3.2. Sub-word Tokenizers#

Let’s keep using the same example sentence.

"I'm instantiating a tokenizer for my LLMs"

GPT-4 tokenizer splits the text as follows:

I / 'm / instant / iating / a / tokenizer / for / my / L/ LM / s

Compare this to word-based tokenizers:

  • Sub-words are smaller.

    • It’s better to split I + 'm because they’re smaller yet meaningful units of text than I'm.

    • Similarly, it’s better to split instant + iating because they’re smaller yet meaningful units of text.

    • Same, L + LM + s > LLMs.

  • Smaller units lead to a smaller vocab size, hence better.

Indeed, GPT-4 uses their tokenizer named cl100k_base, whose vocab size is only 100k but can represent many more words than possibly a 1M-vocab word-based tokenizer.
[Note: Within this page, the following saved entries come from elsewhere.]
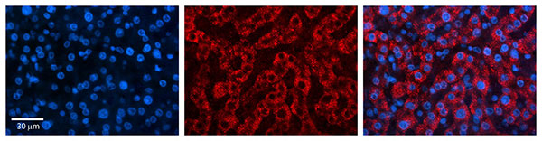 USE1 antibody - middle region (AMM08442G) in Human Liver Tissue cells using Immunohistochemistry USE1 antibody - middle region (AMM08442G) Catalog Number: AMM08442G Formalin Fixed Paraffin Embedded Tissue: Human Liver Tissue Observed Staining: Cytoplasm in hepatocytes Primary Antibody Concentration: 1:100 Secondary Antibody: Donkey anti-Rabbit-Cy3 Secondary Antibody Concentration: 1:200 Magnification: 20X Exposure Time: 0.5 - 2.0 sec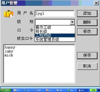 用戶可以建立不同級別多個用戶,級別和用戶名分別對應于系統中的變量,利用這兩個變量的值可以自由設置操作權限。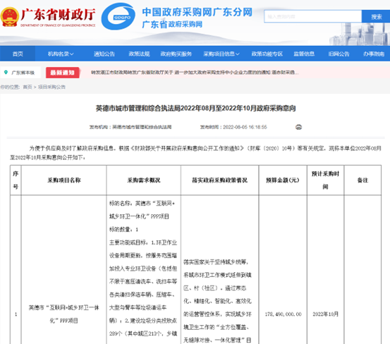 圖片來源:廣東省政府采購廣東省政府采購網(wǎng)消息,近日,英德市城市管理和綜合執(zhí)法局發(fā)布2022年08月至2022年10月政府采購意向,英德市“互聯(lián)網(wǎng)+城鄉(xiāng)環(huán)衛(wèi)一體化”PPP項目計劃于2022年10月份開展政府采購。采購需求概況:1.環(huán)衛(wèi)作業(yè)設(shè)備周期更新,按服務(wù)范圍增加投入專業(yè)環(huán)衛(wèi)設(shè)備(包括但不限于高壓清...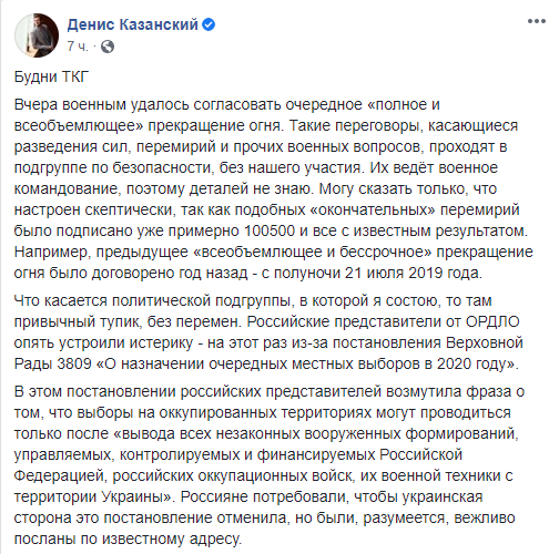 Накануне военным удалось согласовать очередное "полное и всеобъемлющее" прекращение огня, написал на своей странице в Facebook украинский журналист, участник переговоров ТКГ Денис Казанский. По его словам, такие переговоры, касающиеся разведения сил, перемирий проходят в подгруппе по безопасности, их ведет военное командование без лишнего участия. Казанский заявил, что настроен скептически, ведь подобных перемирий было множество.

3.2.1. Training Sub-word Tokenizers#

This is omitted in this book :p It’s called “Byte-Pair Encoding” tokenizers, go study it yourself!

My lazy summary:

  • As in the example above, all the current LLMs use some kind of sub-word tokenizers.
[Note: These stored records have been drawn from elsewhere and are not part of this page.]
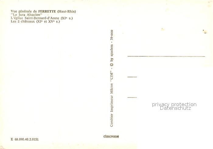 13526172 Ferrette Haut-Rhin Eglise Saint Bernard d Aoste et les 2 Chateaux postalisch nicht gelaufen Erhaltung siehe scans [FriedD77] KatCode: 11170068168090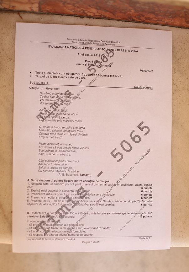 3 din 3 | Evaluarea nationala 2016. Peste 153.000 de elevi sustin astazi proba la limba romana. Subiecte: poezie de Baconski si o naratiune despre o zona turistica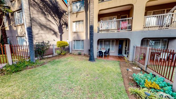 Outside, residents can enjoy a small private garden area, perfect for outdoor relaxation or entertaining. The apartment complex is surrounded by lush landscaping, including palm trees and well-maintained lawns, creating a great living atmosphere.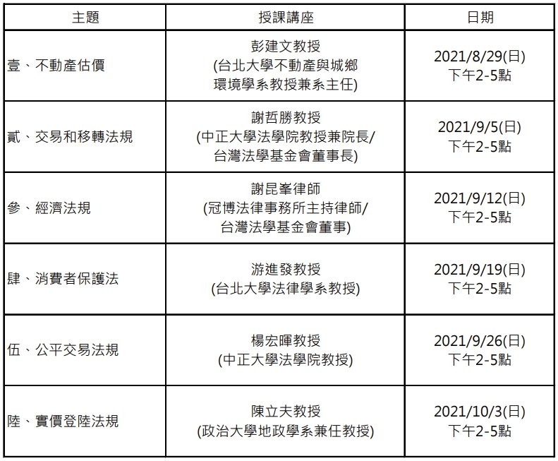 <span style="font-size: 14pt;">不動產交易法規課程開始報名囉!歡迎踴躍報名參加 ☟</span> <span class="highlight" style="background-color: #666666; font-size: 14pt;">課程資訊</span> <span style="font-size: 14pt;"><img class="alignnone wp-image-3238" src="https://www.loan-news.com.tw/storage/2021/08/1627977489704.jpg" alt="" width="640" height="528" /></span> <span style="font-size: 14pt;">上課地點:視訊上課,若疫情降至二級則改成視訊及實體上課同時並行</span> <hr /> <span class="highlight" style="background-color: #666666; font-size: 14pt;">報名資訊</span> <ol> <li><span style="font-size: 14pt;">採線上報名:一次完成六堂課線上報名</span></li> <li><span style="font-size: 14pt;">報名及繳費期限至8/18截止</span></li> <li><span style="font-size: 14pt;">繳費人數達30人以上即開班</span></li> </ol> <hr /> <span class="highlight" style="background-color: #666666; font-size: 14pt;">報名及匯款資訊連結</span> <span style="font-size: 14pt;">☞ <span style="color: #3366ff;"><a style="color: #3366ff;" href="https://reurl.cc/83ZAeR">https://reurl.cc/83ZAeR</a></span></span> <hr /> <span class="highlight" style="background-color: #666666; font-size: 14pt;">主辦單位</span> <span style="font-size: 14pt;">財團法人台灣法學基金會</span>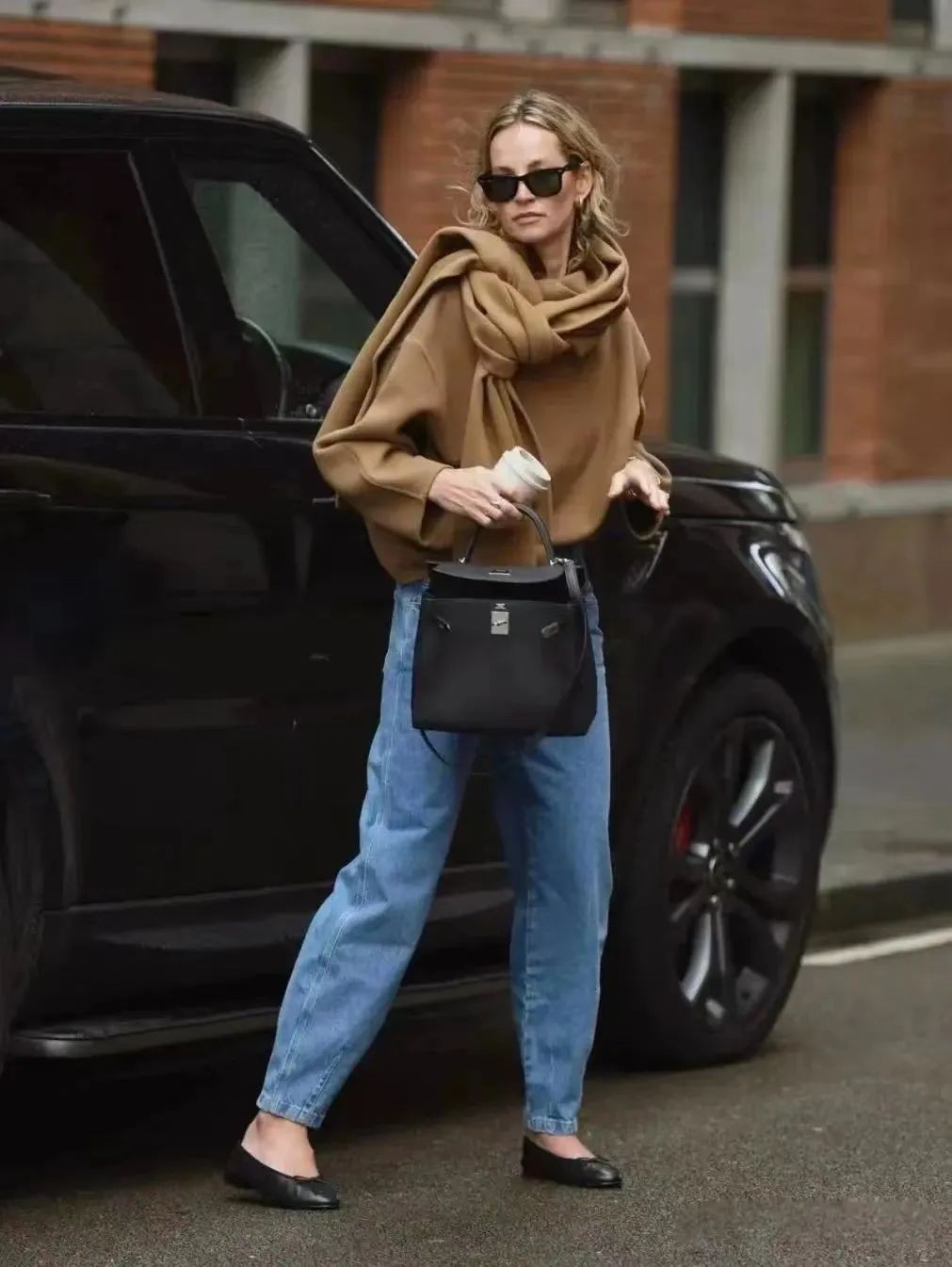 棕色单品也可以选择饱和度低一些的色调,搭配蓝色牛仔外套,整体配色看起来会更柔和一些。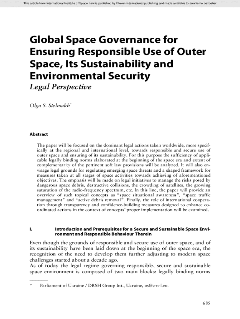 This article from International Institute of Space Law is published by Eleven international publishing and made available to anonieme bezoekerGlobal Space Governance for Ensuring Responsible Use of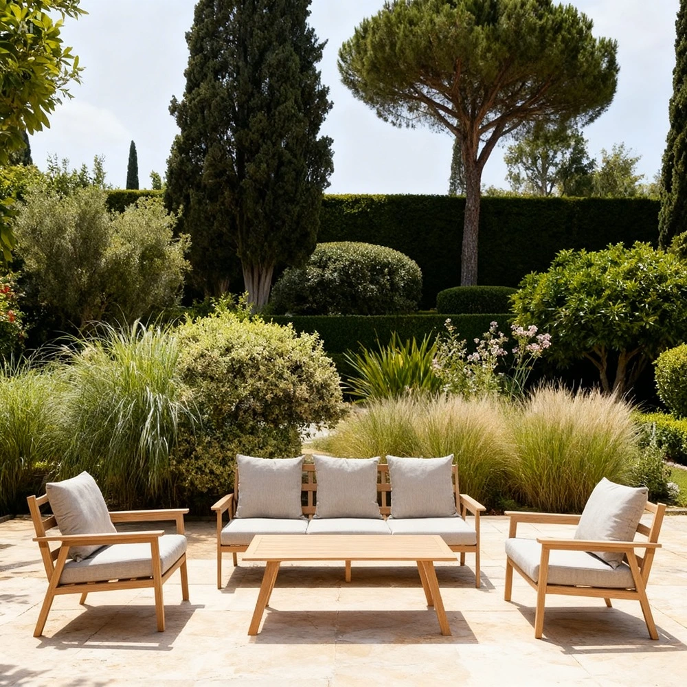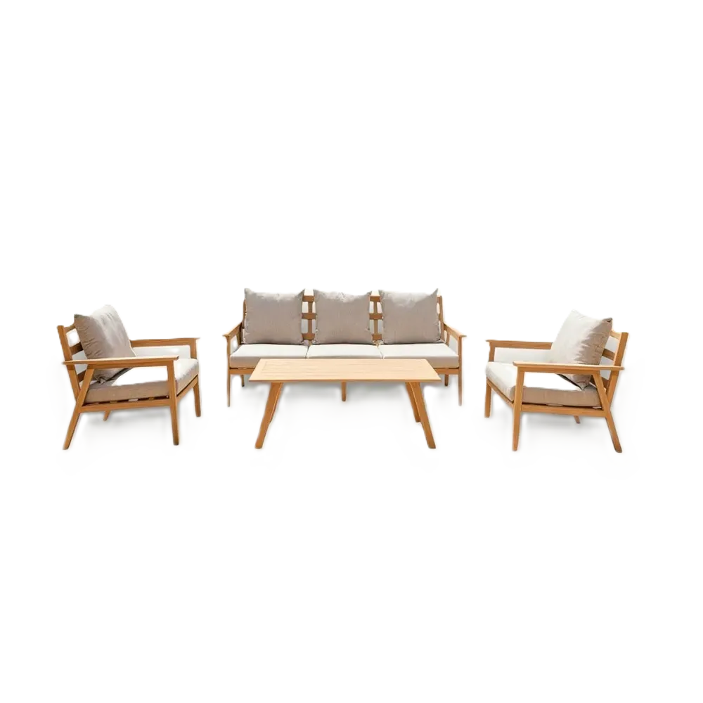 Wood-look outdoor sofa set with aluminium frame, three-seater, two chairs and a table.

  • You need to train these sub-word tokenizers. It’s not too computationally heavy to train tokenizers.

  • By also adopting the “byte fallback” property, out-of-vocabulary tokens are split into byte representations and passed to the LLMs.

    • This remedy enables LLMs to also process multiple languages, although it makes the tokenized result too long for those non-primary languages.

3.2.2. Pros#

  • Sub-words are more efficient and effective than words.

3.2.3. Cons#

  • It still simply maps from texts through token indices to embeddings. This blocks the language model from understanding anything before the tokenization step.

    • For example, the model has little visibility into the spellings of text. To be discussed later in this tutorial.